Category: Formulation and Quality
Purpose: We synthesized a novel macromolecule, a bio-based polyol containing urethane bonds, polyol-urethan (POU) that can be used as a nanoparticulate carrier to enhance the bioavailability of olanzapine (Oln). The new macromolecule drug carrier is an amphiphilic polyol containing urethane bonds that was prepared using cyclocarbonate and amines in the absence of toxic isocyanates. Due to its low critical micelle concentration (CMC), spherical Oln nanoparticles (Oln-NPs) and high barrier permeability, the POUs are able to offer an improved biodistribution for therapeutic agents, minimizing unwanted side effects via preferential accumulation at the target site1-2.
Methods: The biodegradable and biocompatible hyper-branched POU containing several hydroxyl and urethane bonds, was synthesized via an easy method of cyclic carbonate ring opening reaction followed by ethanol amine addition. The chemical and thermal properties of the polyol-urethane were characterized by 1H-NMR, 13C-NMR, FTIR, and TGA. The Oln-NPs were then prepared using a co-precipitation method, and their size and morphology were determined using DLS and SEM, respectively. In-vitro degradation, in-vitro drug release, in-vivo and their kinetic study were carried out to determine the ability of the POU for the sustained delivery of Oln.
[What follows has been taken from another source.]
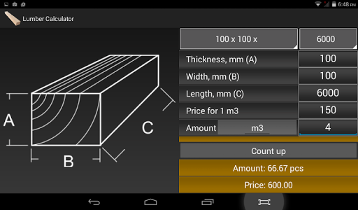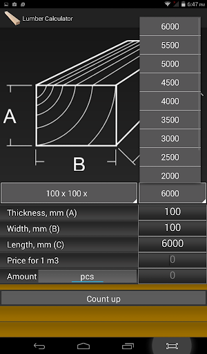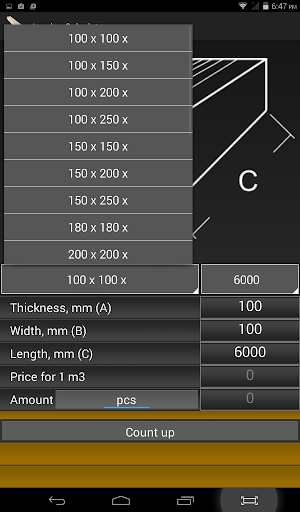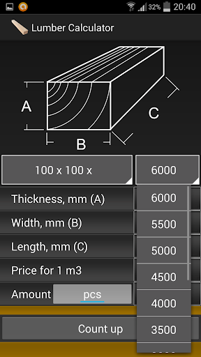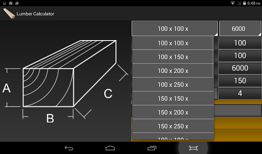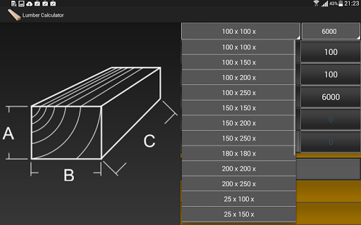 Quick selection of standard size timber / boards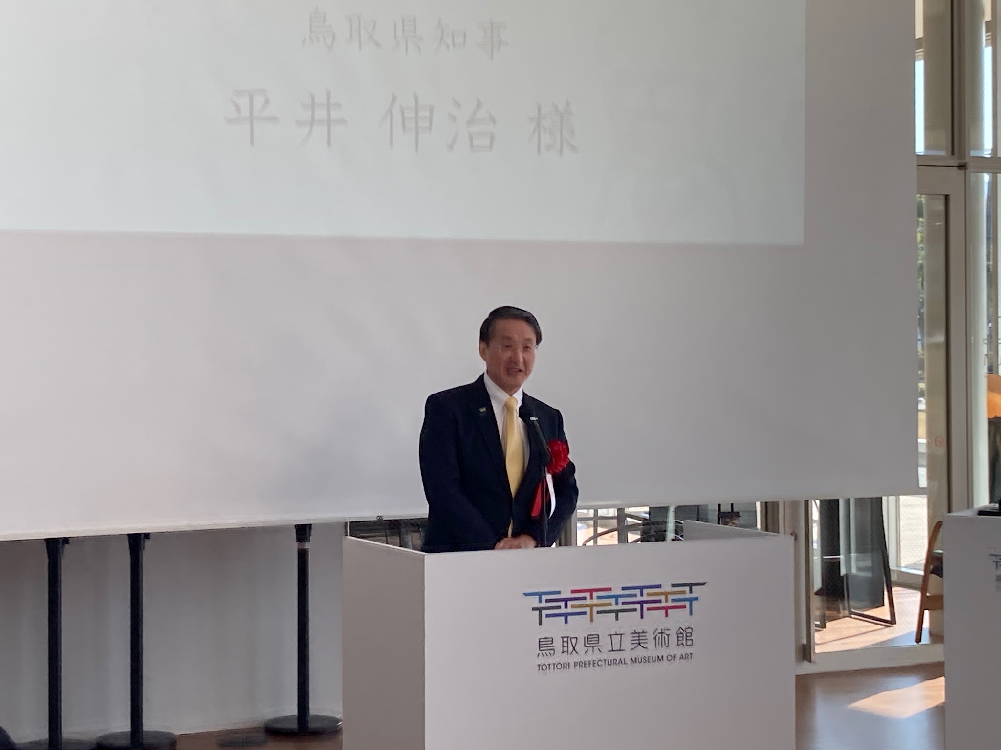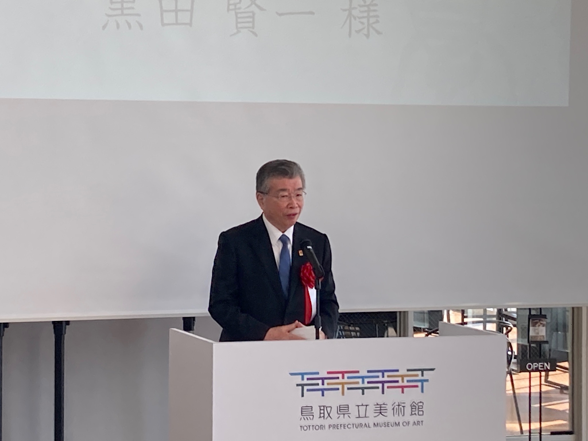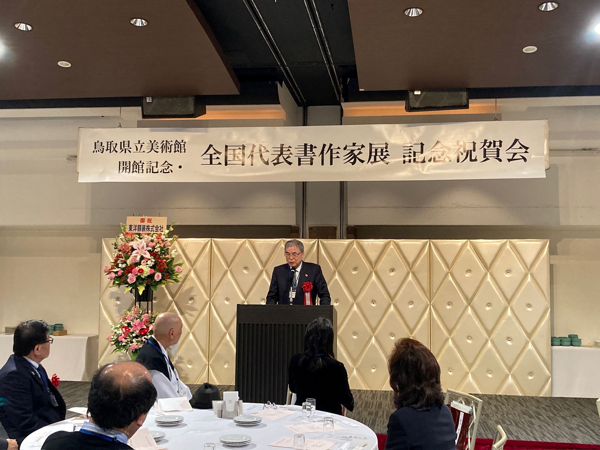 初日に開催された開会式では、主催者である柴山抱海鳥取県書道連合会会長のあいさつの後、来賓として平井伸治鳥取県知事、広田一恭倉吉市長、日本書道文化協会の黒田賢一副会長が挨拶をしました。

Results: Given the 1HNMR data, the elimination of carbonate groups on the sunflower oil at 4.4-4.9 ppm and the appearance of the urethane groups indicated the successful synthesis of the POU. The low CMC value (2.17× 10 -4 mg/ml) demonstrated that the micelles were stable against dilution. When 1 mole of carbonated sunflower oil (1,179 g) reacted with 5 mole of ethanol diamine (305.25 g), the bio content of the POU was found theoretically high at 83.87%. The loading efficiency and loading capacity of the Oln-NPs were obtained 83±4.5% and 12.5±0.6%, respectively indicating that the Oln was effectively loaded into nanoparticles. The in-vitro release of Oln from the Oln-NPs was approximately 82±3% after 168 h (7 days). In-vitro drug release from nanoparticles (90±0.43 nm in diameter) followed a Higuchi release mechanism showing an initial burst release followed by a sustained release (82 ± 3% after 168 h). At higher concentrations of 1 and 5 mg/ml, the cell-viability was increased to 81.77±5.1 and 73.87±4.2%, respectively after 7 days (Figure 1). The initial Oln concentration at 30 min for Oln suspension was higher than Oln concentration that was released from the Oln-NPs. The MRT and t1/2 for the Oln-NPs were 1.51±0.23 and 0.43±0.029 for Oln-NPs, respectively. The POU microcrystalline structure containing urethane and ester bonds hindered the fast release of Oln and led to a sustained release of drug and its improved bioavailability (Figure 2).
Fig. 2. Concentration–time profiles for the Oln-NPs and Oln-suspension.
Conclusion: Given the results of this research, the bio-based POU is a safe drug carrier due to bio-based materials used in its preparation. Furthermore, the POU can be used as an effective carrier to enhance the bioavailability of Oln and potentially other hydrophobic drugs.